Would you output all the data exactly as it stands?

◆ Available data:
━━━━━━━━

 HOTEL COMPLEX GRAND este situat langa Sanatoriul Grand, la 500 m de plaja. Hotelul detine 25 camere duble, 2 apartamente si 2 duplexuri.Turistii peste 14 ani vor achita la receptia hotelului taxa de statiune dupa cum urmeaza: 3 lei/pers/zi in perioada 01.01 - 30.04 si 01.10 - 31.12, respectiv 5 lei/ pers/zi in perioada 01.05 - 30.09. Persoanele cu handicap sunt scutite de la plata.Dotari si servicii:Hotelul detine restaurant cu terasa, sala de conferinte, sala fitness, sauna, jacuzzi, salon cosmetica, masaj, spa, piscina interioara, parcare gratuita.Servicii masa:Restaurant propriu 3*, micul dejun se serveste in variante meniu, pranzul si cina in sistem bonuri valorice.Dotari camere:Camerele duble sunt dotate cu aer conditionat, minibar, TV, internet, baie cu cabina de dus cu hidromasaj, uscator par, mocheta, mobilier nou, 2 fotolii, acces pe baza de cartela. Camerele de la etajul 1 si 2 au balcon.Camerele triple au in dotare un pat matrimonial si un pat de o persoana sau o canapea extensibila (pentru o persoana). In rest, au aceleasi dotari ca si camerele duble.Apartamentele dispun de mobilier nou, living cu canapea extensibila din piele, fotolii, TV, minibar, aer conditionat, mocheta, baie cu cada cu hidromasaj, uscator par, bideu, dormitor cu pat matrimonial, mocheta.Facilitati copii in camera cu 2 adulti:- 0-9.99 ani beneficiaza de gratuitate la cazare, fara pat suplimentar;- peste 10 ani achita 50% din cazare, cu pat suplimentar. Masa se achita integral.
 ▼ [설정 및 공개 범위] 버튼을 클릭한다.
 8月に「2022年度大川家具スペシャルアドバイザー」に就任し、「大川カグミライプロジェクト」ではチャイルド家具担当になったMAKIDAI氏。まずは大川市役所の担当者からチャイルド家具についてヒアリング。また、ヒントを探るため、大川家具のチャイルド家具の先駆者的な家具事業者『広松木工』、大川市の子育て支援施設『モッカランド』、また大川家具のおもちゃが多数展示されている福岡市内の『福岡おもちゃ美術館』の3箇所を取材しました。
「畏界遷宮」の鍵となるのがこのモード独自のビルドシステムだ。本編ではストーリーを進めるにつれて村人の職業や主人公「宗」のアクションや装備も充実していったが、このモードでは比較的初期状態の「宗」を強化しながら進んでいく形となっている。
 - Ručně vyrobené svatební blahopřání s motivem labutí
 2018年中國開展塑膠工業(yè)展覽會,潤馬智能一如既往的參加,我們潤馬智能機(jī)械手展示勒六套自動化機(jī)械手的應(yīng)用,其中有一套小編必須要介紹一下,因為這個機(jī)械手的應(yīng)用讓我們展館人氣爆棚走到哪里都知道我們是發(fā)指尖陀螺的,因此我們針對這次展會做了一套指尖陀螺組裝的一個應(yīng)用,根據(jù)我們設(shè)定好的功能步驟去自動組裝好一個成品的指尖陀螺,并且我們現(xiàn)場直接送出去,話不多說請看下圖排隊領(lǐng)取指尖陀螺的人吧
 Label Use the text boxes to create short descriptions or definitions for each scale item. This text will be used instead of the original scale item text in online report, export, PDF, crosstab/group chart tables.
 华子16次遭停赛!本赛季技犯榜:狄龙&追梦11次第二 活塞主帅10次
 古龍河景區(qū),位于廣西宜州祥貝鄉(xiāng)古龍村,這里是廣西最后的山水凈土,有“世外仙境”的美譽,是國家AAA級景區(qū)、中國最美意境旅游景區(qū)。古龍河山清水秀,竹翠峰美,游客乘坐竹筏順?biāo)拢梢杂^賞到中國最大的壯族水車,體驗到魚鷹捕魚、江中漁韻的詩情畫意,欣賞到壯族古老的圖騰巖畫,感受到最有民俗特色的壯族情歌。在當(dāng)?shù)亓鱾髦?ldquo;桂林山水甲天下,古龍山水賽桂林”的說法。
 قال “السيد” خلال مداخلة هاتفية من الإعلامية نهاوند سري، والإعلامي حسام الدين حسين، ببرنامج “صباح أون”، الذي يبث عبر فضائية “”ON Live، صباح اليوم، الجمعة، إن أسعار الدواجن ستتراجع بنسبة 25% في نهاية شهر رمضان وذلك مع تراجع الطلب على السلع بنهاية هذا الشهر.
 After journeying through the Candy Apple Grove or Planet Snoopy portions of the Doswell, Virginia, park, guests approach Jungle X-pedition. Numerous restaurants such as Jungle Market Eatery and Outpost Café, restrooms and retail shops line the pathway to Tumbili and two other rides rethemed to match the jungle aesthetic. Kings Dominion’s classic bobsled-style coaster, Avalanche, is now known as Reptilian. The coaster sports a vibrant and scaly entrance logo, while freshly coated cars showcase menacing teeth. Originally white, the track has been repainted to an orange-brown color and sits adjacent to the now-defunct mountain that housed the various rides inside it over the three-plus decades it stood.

━━━━━━━━

◆ Worked solution:
 HOTEL COMPLEX GRAND este situat langa Sanatoriul Grand, la 500 m de plaja. Hotelul detine 25 camere duble, 2 apartamente si 2 duplexuri.Turistii peste 14 ani vor achita la receptia hotelului taxa de statiune dupa cum urmeaza: 3 lei/pers/zi in perioada 01.01 - 30.04 si 01.10 - 31.12, respectiv 5 lei/ pers/zi in perioada 01.05 - 30.09. Persoanele cu handicap sunt scutite de la plata.Dotari si servicii:Hotelul detine restaurant cu terasa, sala de conferinte, sala fitness, sauna, jacuzzi, salon cosmetica, masaj, spa, piscina interioara, parcare gratuita.Servicii masa:Restaurant propriu 3*, micul dejun se serveste in variante meniu, pranzul si cina in sistem bonuri valorice.Dotari camere:Camerele duble sunt dotate cu aer conditionat, minibar, TV, internet, baie cu cabina de dus cu hidromasaj, uscator par, mocheta, mobilier nou, 2 fotolii, acces pe baza de cartela. Camerele de la etajul 1 si 2 au balcon.Camerele triple au in dotare un pat matrimonial si un pat de o persoana sau o canapea extensibila (pentru o persoana). In rest, au aceleasi dotari ca si camerele duble.Apartamentele dispun de mobilier nou, living cu canapea extensibila din piele, fotolii, TV, minibar, aer conditionat, mocheta, baie cu cada cu hidromasaj, uscator par, bideu, dormitor cu pat matrimonial, mocheta.Facilitati copii in camera cu 2 adulti:- 0-9.99 ani beneficiaza de gratuitate la cazare, fara pat suplimentar;- peste 10 ani achita 50% din cazare, cu pat suplimentar. Masa se achita integral.
 ▼ [설정 및 공개 범위] 버튼을 클릭한다.
 8月に「2022年度大川家具スペシャルアドバイザー」に就任し、「大川カグミライプロジェクト」ではチャイルド家具担当になったMAKIDAI氏。まずは大川市役所の担当者からチャイルド家具についてヒアリング。また、ヒントを探るため、大川家具のチャイルド家具の先駆者的な家具事業者『広松木工』、大川市の子育て支援施設『モッカランド』、また大川家具のおもちゃが多数展示されている福岡市内の『福岡おもちゃ美術館』の3箇所を取材しました。
「畏界遷宮」の鍵となるのがこのモード独自のビルドシステムだ。本編ではストーリーを進めるにつれて村人の職業や主人公「宗」のアクションや装備も充実していったが、このモードでは比較的初期状態の「宗」を強化しながら進んでいく形となっている。
 - Ručně vyrobené svatební blahopřání s motivem labutí
 2018年中國開展塑膠工業(yè)展覽會,潤馬智能一如既往的參加,我們潤馬智能機(jī)械手展示勒六套自動化機(jī)械手的應(yīng)用,其中有一套小編必須要介紹一下,因為這個機(jī)械手的應(yīng)用讓我們展館人氣爆棚走到哪里都知道我們是發(fā)指尖陀螺的,因此我們針對這次展會做了一套指尖陀螺組裝的一個應(yīng)用,根據(jù)我們設(shè)定好的功能步驟去自動組裝好一個成品的指尖陀螺,并且我們現(xiàn)場直接送出去,話不多說請看下圖排隊領(lǐng)取指尖陀螺的人吧
 Label Use the text boxes to create short descriptions or definitions for each scale item. This text will be used instead of the original scale item text in online report, export, PDF, crosstab/group chart tables.
 华子16次遭停赛!本赛季技犯榜:狄龙&追梦11次第二 活塞主帅10次
 古龍河景區(qū),位于廣西宜州祥貝鄉(xiāng)古龍村,這里是廣西最后的山水凈土,有“世外仙境”的美譽,是國家AAA級景區(qū)、中國最美意境旅游景區(qū)。古龍河山清水秀,竹翠峰美,游客乘坐竹筏順?biāo)拢梢杂^賞到中國最大的壯族水車,體驗到魚鷹捕魚、江中漁韻的詩情畫意,欣賞到壯族古老的圖騰巖畫,感受到最有民俗特色的壯族情歌。在當(dāng)?shù)亓鱾髦?ldquo;桂林山水甲天下,古龍山水賽桂林”的說法。
 قال “السيد” خلال مداخلة هاتفية من الإعلامية نهاوند سري، والإعلامي حسام الدين حسين، ببرنامج “صباح أون”، الذي يبث عبر فضائية “”ON Live، صباح اليوم، الجمعة، إن أسعار الدواجن ستتراجع بنسبة 25% في نهاية شهر رمضان وذلك مع تراجع الطلب على السلع بنهاية هذا الشهر.
 After journeying through the Candy Apple Grove or Planet Snoopy portions of the Doswell, Virginia, park, guests approach Jungle X-pedition. Numerous restaurants such as Jungle Market Eatery and Outpost Café, restrooms and retail shops line the pathway to Tumbili and two other rides rethemed to match the jungle aesthetic. Kings Dominion’s classic bobsled-style coaster, Avalanche, is now known as Reptilian. The coaster sports a vibrant and scaly entrance logo, while freshly coated cars showcase menacing teeth. Originally white, the track has been repainted to an orange-brown color and sits adjacent to the now-defunct mountain that housed the various rides inside it over the three-plus decades it stood.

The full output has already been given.